Thin-film thermoelectric cooling and heating devices for DNA genomic and proteomic chips, thermo-optical switching circuits, and IR tags
Abstract
A thermoelectric cooling and heating device including a substrate, a plurality of thermoelectric elements arranged on one side of the substrate and configured to perform at least one of selective heating and cooling such that each thermoelectric element includes a thermoelectric material, a Peltier contact contacting the thermoelectric material and forming under electrical current flow at least one of a heated junction and a cooled junction, and electrodes configured to provide current through the thermoelectric material and the Peltier contact. As such, the thermoelectric cooling and heating device selectively biases the thermoelectric elements to provide on one side of the thermolectric device a grid of localized heated or cooled junctions.
Claims
exact text as granted — not AI-modified1 . A thermoelectric cooling and heating device comprising:
a substrate; a plurality of thermoelectric elements arranged on one side of the substrate and configured to perform at least one of selective heating and cooling, each thermoelectric element including, a thermoelectric material, a Peltier contact contacting the thermoelectric material and configured to form under electrical current flow at least one of a heated junction and a cooled junction, and electrodes configured to provide current through the thermoelectric material and the Peltier contact; and a receptacle thermally contacting the thermoelectric elements and including an array of patches configured to receive a biological material.
2 . The device of claim 1 , wherein the patches of the receptacle are aligned with the thermoelectric elements.
3 . (canceled)
4 . The device of claim 1 , wherein the biological material includes DNA material for genomics analysis.
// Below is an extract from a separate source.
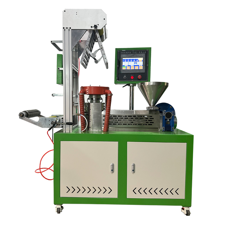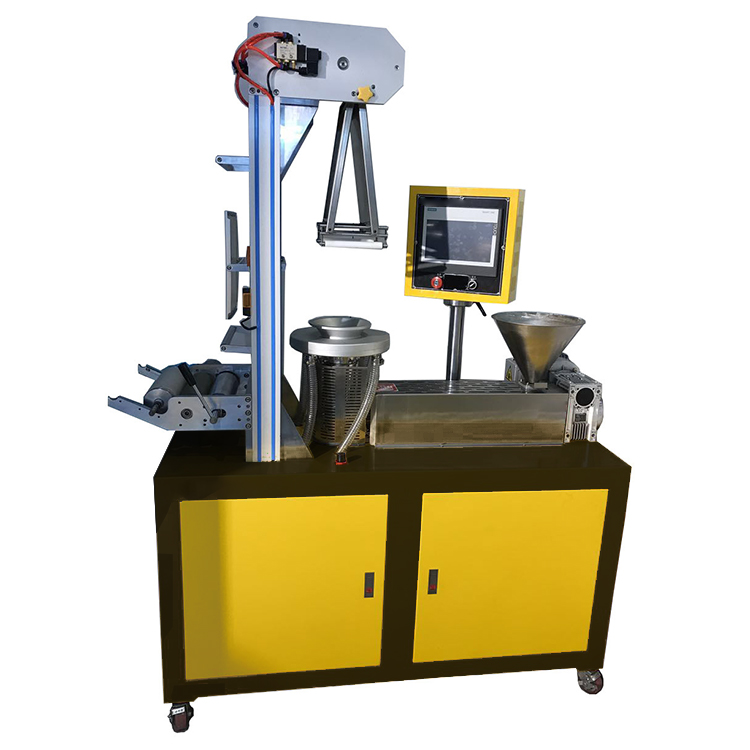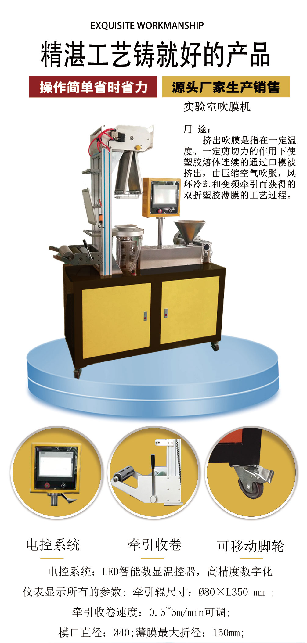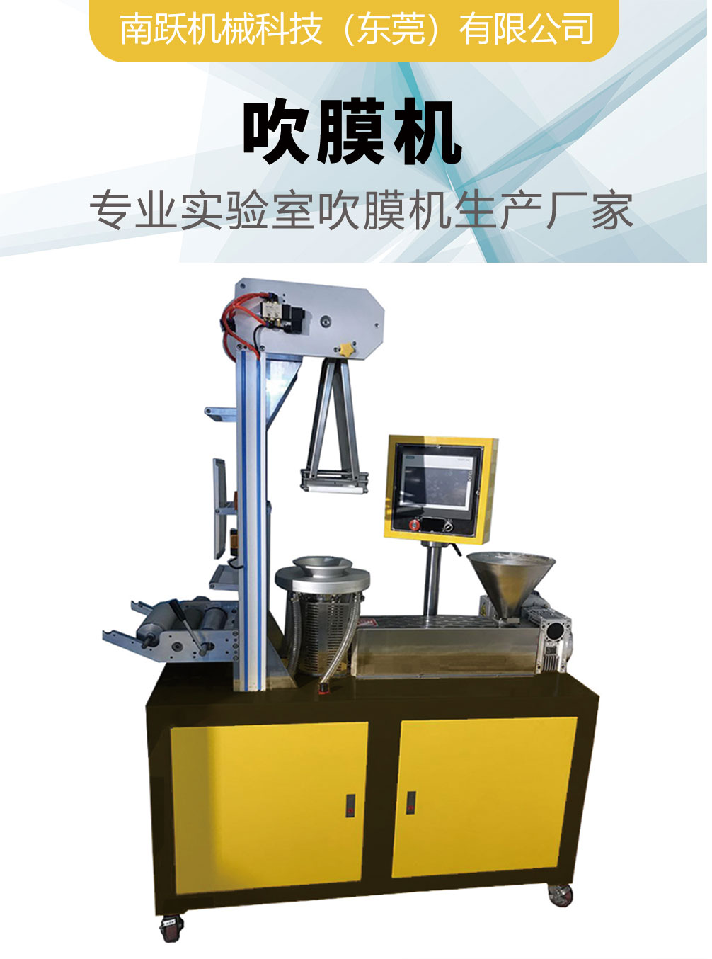 挤出吹膜是在原材料的加工温度上,通过单螺杆输送,在一定的剪切力的作用下使塑料熔体连续不断的通过模口挤出,由压缩空气吹胀,风环冷却和变频牵引,从而获得双折径塑料薄膜的工艺过程。主要用于检测聚合物材料的吹膜可行性和材料内的胶质状况,以及有色分散物、控制混合物、挤出物的分散性

5 . The device of claim 1 , wherein the biological material includes proteins for proteomics analysis.
6 . The device of claim 1 , wherein the thermoelectric elements are configured to at least one of heat and cool the biological material.
7 . The device of claim 6 , wherein the patches are configured to receive as the biological material single stranded DNA and the thermoelements are configured to control the temperature of the single stranded DNA for polymorphism conformation.
8 . The device of claim 6 , wherein the thermoelectric elements are configured to at least one of heat and cool DNA double-helix material to form single-stranded DNA material.
9 . The device of claim 6 , wherein the thermoelectric elements are configured to provide localized thermo-genetic switches to switch at least one of DNA chemistry, DNA-RNA chemistry, protein synthesis, cross conversion dominant genes to recessive genes, and production of antibodies.
10 . The device of claim 6 , wherein the patches are configured to receive as the DNA material single stranded DNA and the thermoelements are configured to control the temperature of the single stranded DNA for polymorphism conformation.
11 . The device of claim 6 , wherein the thermoelectric elements are configured to have a thermal response time less than 1.0 ms.
12 . The device of claim 11 , wherein the thermoelectric elements are configured to heat shock biological material including at least one of DNA material, proteins, and protein-related DNA.
13 - 18 . (canceled)
19 . A thermoelectric cooling and heating device comprising:
a substrate; a plurality of thermoelectric elements arranged on one side of the substrate and configured to perform at least one of selective heating and cooling, each thermoelectric element including, a thermoelectric material, a Peltier contact contacting the thermoelectric material and configured to form under electrical current flow at least one of a heated junction and a cooled junction, and electrodes configured to provide current through the thermoelectric material and the Peltier contact; and a microsurgical tool thermally contacting the thermoelectric elements and configured to control the temperature of bio-tissues in contact with the microsurgical tool.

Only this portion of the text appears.